Would you output the following records verbatim and skip the images in them?

Start of Source data

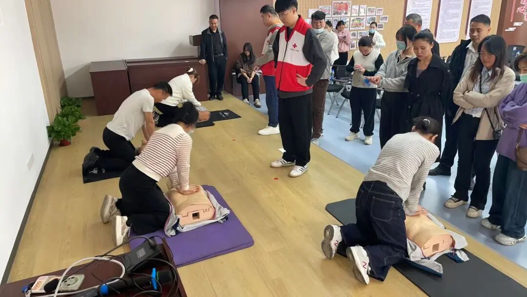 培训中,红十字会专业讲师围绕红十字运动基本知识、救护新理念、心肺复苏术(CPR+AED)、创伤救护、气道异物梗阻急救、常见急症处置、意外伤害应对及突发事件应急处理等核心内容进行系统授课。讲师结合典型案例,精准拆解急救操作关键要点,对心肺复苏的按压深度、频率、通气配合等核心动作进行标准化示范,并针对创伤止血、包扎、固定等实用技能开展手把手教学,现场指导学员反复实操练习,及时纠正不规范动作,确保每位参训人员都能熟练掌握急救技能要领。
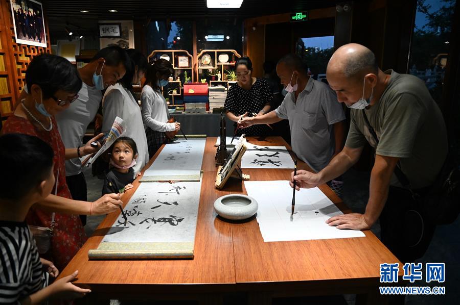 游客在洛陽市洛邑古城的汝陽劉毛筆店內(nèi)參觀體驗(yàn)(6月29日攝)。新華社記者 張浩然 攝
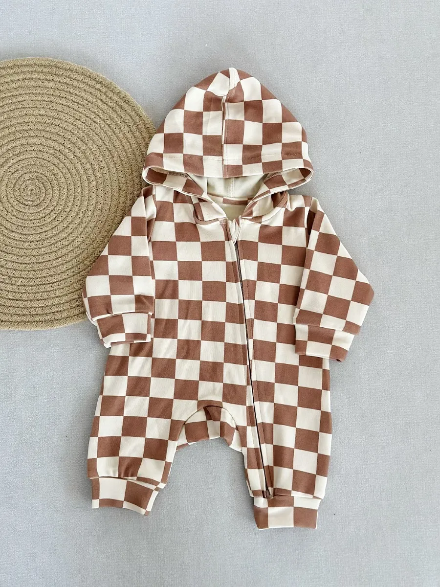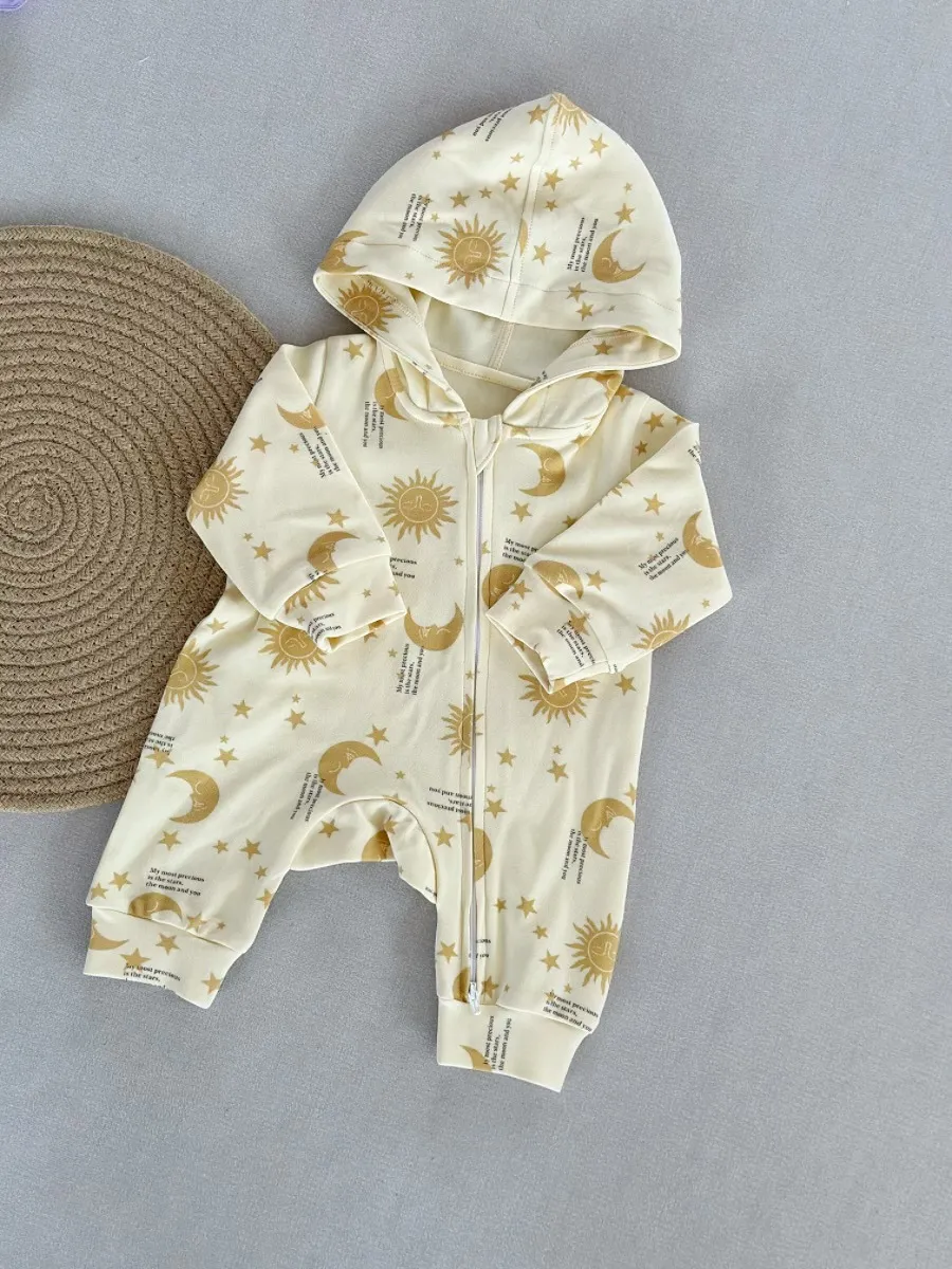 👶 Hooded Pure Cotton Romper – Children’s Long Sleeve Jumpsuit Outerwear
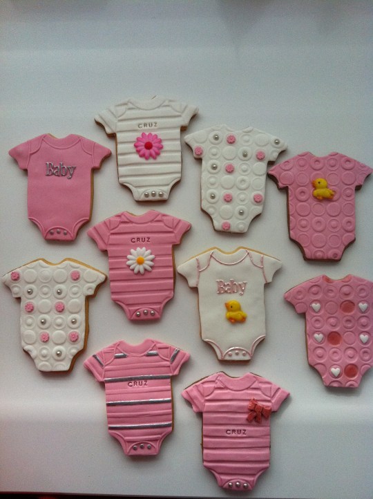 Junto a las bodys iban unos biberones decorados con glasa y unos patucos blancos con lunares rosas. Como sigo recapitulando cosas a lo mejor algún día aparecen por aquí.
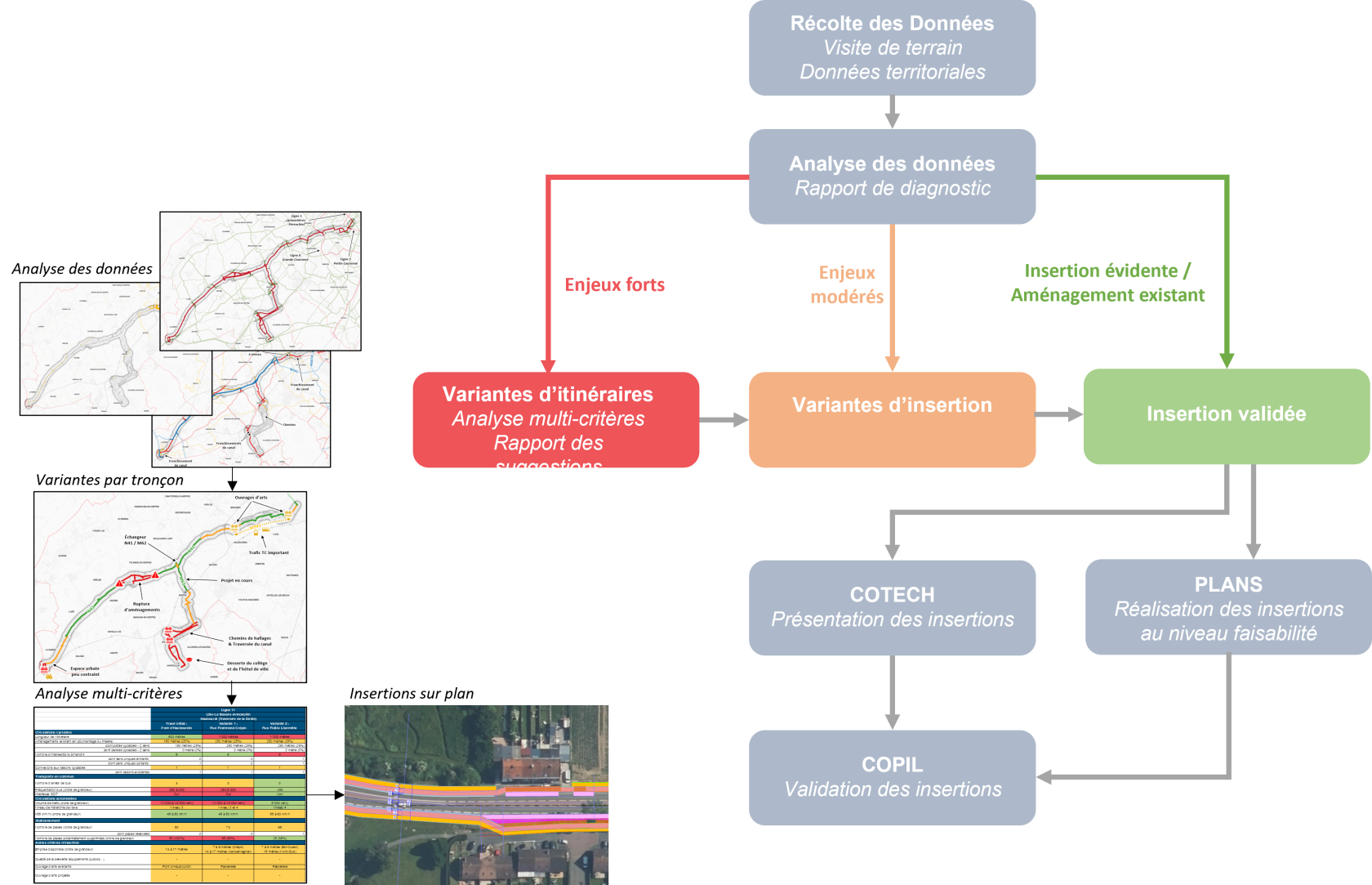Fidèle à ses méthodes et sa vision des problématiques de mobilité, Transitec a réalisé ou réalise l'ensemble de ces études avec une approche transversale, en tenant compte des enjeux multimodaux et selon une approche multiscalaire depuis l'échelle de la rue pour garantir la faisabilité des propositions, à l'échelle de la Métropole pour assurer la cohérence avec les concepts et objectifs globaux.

End of Source data

### Solution:
 培训中,红十字会专业讲师围绕红十字运动基本知识、救护新理念、心肺复苏术(CPR+AED)、创伤救护、气道异物梗阻急救、常见急症处置、意外伤害应对及突发事件应急处理等核心内容进行系统授课。讲师结合典型案例,精准拆解急救操作关键要点,对心肺复苏的按压深度、频率、通气配合等核心动作进行标准化示范,并针对创伤止血、包扎、固定等实用技能开展手把手教学,现场指导学员反复实操练习,及时纠正不规范动作,确保每位参训人员都能熟练掌握急救技能要领。
 游客在洛陽市洛邑古城的汝陽劉毛筆店內(nèi)參觀體驗(yàn)(6月29日攝)。新華社記者 張浩然 攝
 👶 Hooded Pure Cotton Romper – Children’s Long Sleeve Jumpsuit Outerwear
 Junto a las bodys iban unos biberones decorados con glasa y unos patucos blancos con lunares rosas. Como sigo recapitulando cosas a lo mejor algún día aparecen por aquí.
Fidèle à ses méthodes et sa vision des problématiques de mobilité, Transitec a réalisé ou réalise l'ensemble de ces études avec une approche transversale, en tenant compte des enjeux multimodaux et selon une approche multiscalaire depuis l'échelle de la rue pour garantir la faisabilité des propositions, à l'échelle de la Métropole pour assurer la cohérence avec les concepts et objectifs globaux.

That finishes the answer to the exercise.